Startuj z namiNapisz do nasDodaj do ulubionych
   
 

Pamiętnikiem opiekuje się Kenaya

[ Powrót ]

Piątek, 01 Lutego, 2008, 13:34

GRYFFINDOR VS. SLYTHERIN

No i w końcu nowa notka. Z przerażeniem spostrzegłam datę dodania ostatniej notki. Aż mi ciarki po plecach przeszły ;-)
Chciałabym się usprawiedliwić. Moja nieobecność została spowodowana przez nawał obowiązków jaki na mnie spadł po rozpoczęciu roku szkolnego. Zawsze wiedziałam, że szkoła średnia to nie przelewki, ale ilość nauki mnie zwyczajnie przygniotła.

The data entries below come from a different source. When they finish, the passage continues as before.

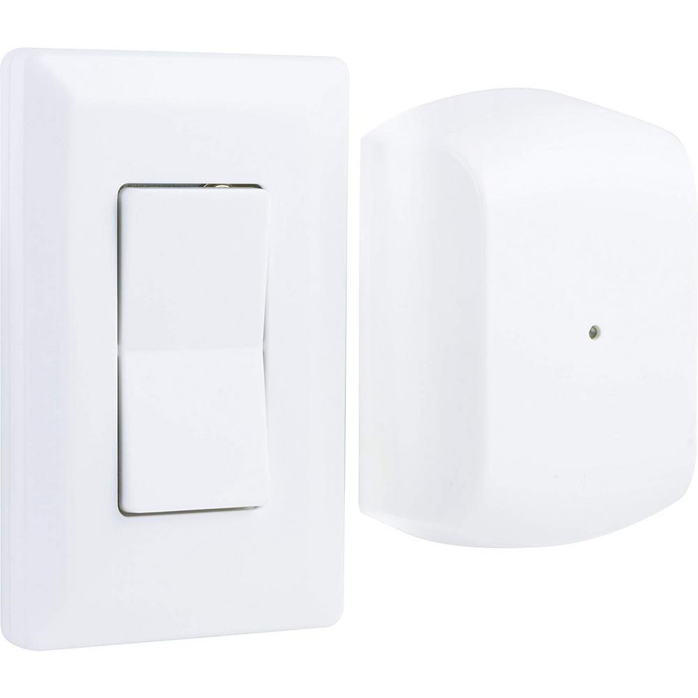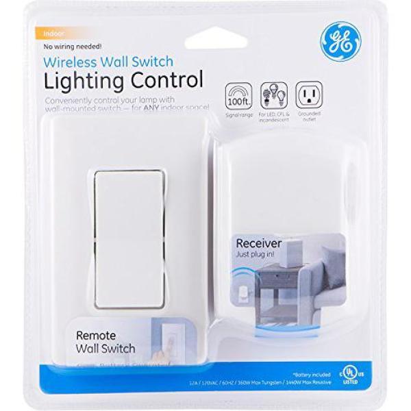 With remote operation up to 100 feet away, the GE Wireless Wall Switch Lighting Control remote allows you to control any light with the touch of a button. The wall switch is easily installed with the included mounting bracket, and the remote includes a 12V A23 battery to get it started. Turn your lights on and off from the comfort of your sofa or bed with this handy, easy to use switch!
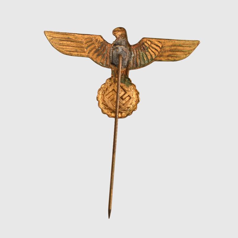 Reichswehr cap eagle in gold with a wingspan of 48mm in width. Nice gilded frosting remaining to the swastika and wreath, with its twisted and grooved pin fixing for the navy deck cap.
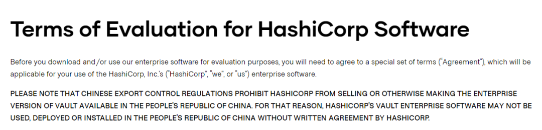 前段时间有新闻报道,国外HashiCorp在官网宣布:不允许中国境内使用、部署和安装该企业旗下的企业版产品和软件。
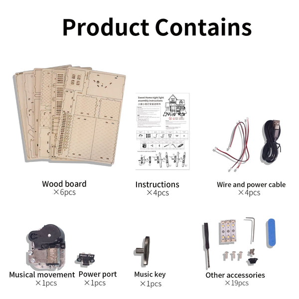 - The finished house displays a charming pastoral cottage scene illuminated by warm lighting, while the music box resembles a vintage European suitcase with intricate carved details, adding a touch of romantic appeal.
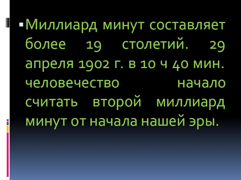 Миллиард минут составляет более 19 столетий. 29 апреля 1902 г. в
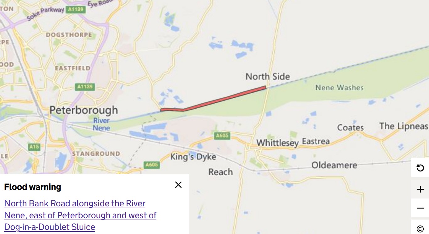 Flooding is expected for: North Bank Road alongside the River Nene to the east of Peterborough and the West of the Dog-in-a-Doublet Sluice
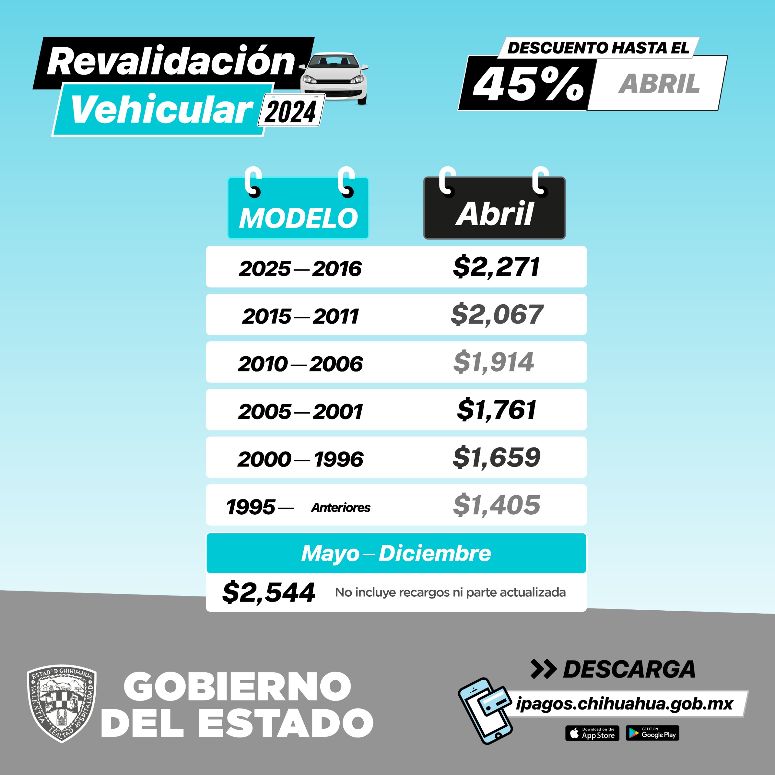 Es importante recordar que, a partir del 1 de mayo, el costo de la revalidación vehicular será de 2 mil 544 para todos los modelos de vehículo.
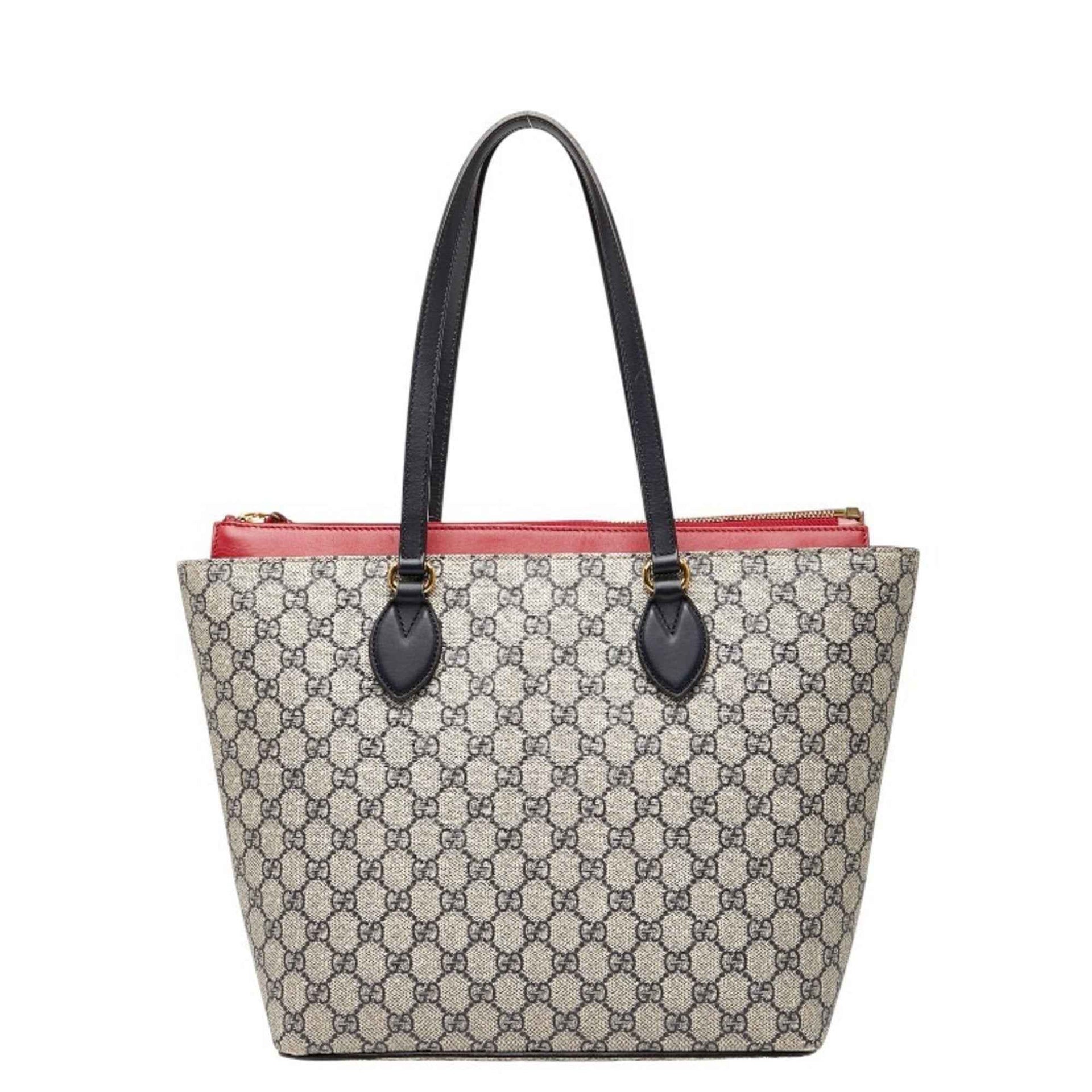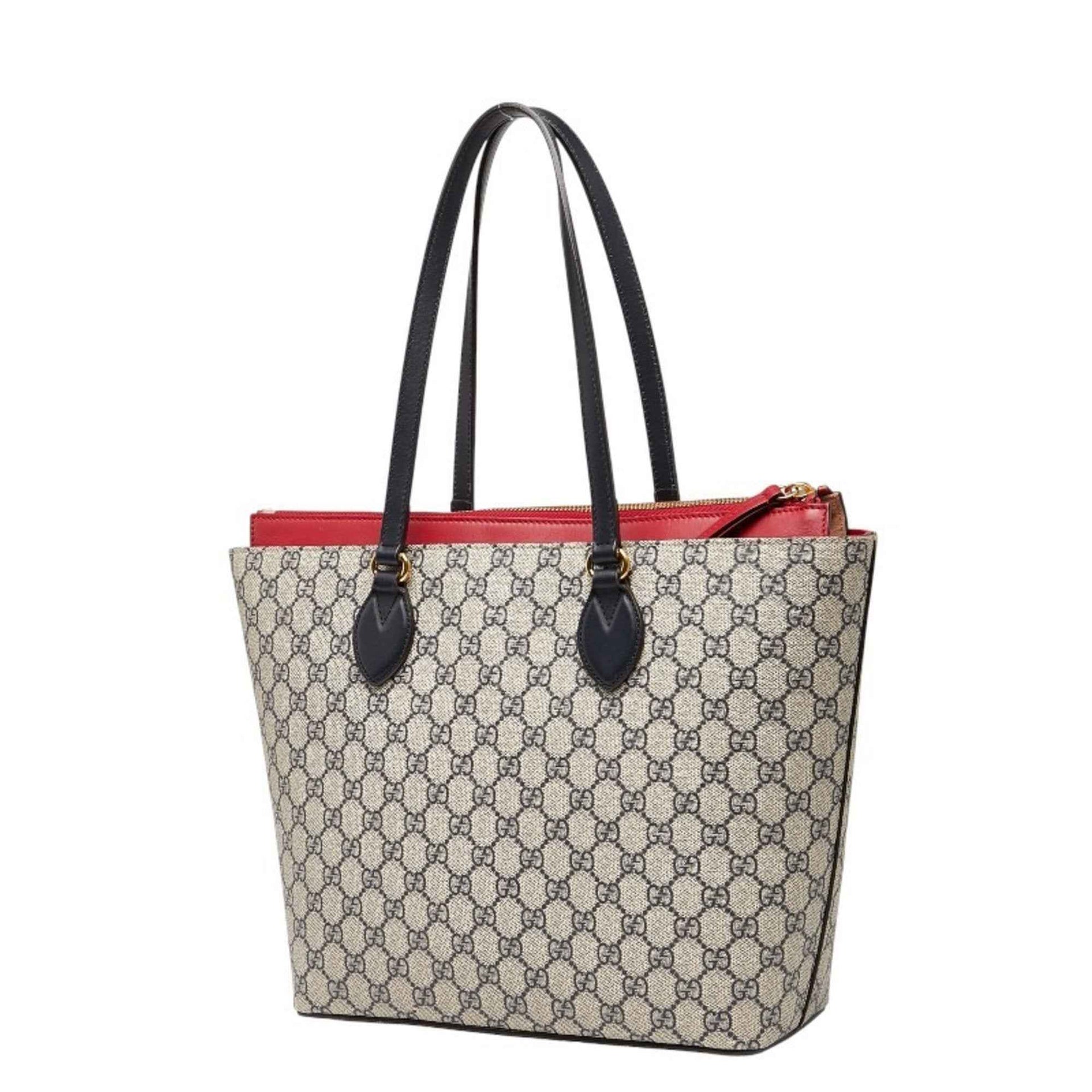 Gucci GG Supreme Tote Bag Handbag 415721 Beige Red Navy Leather Women\'s GUCCI

Przeczytałam 7 część Harry'ego:-D Piszę to dlatego, bo zdałam sobie sprawę jak złożoną i skomplikowaną postacią jest Dumbledore. Nigdy nie myślałam o jego dzieciństwie, rodzinie, jego tajemnicach, które mógł skrywać. Zobaczyłam całkiem innego człowieka. Już nie opanowanego, wszechwiedzącego, wszechpotężnego tylko nieszczęśliwego a nawet przepełnionego żalem. Postanowiłam więc pisać teraz w nieco inny sposób. Już nie będzie to pamiętnik. Będę pisać w trzeciej, a nie tak jak dotychczas w pierwszej osobie. Da mi to większe pole do popisu bo nie będę już ograniczona osobistymi doznaniami i myślami Albusa. Dziś pierwsza taka notka. Możecie oceniać, który sposób Wam sie bardziej podoba, a ja z pewnością wezmę to pod uwagę. W końcu to Wy jesteście czytelnikami:-D
Pozdrawiam serdecznie i zapraszam do lektury:-D

EDIT: Następna notka 12 lutego. Jubileuszowa:-D


********************************************************

10 listopad, niedziela, 1991 rok

Dwóch młodzieńców siedziało na kanapie z wypiekami na twarzy. Była już prawie noc. Będziemy niezniszczalni Albusie! Niezniszczalni. Grindelwald i Dumbledore mistrzowie…Sen się zmienił. Teraz jeden z tych młodzieńców stał nad ciałem dziewczynki. NIEEE!!!! Ariana!!!! NIE!!! Proszę… Nagle spostrzegł, że już nie trzyma jej w ramionach tylko swojego brata, który jak w transie powtarzał: To twoja wina Albusie. Ty do tego doprowadziłeś. To twoja wina Albusie… Albusie…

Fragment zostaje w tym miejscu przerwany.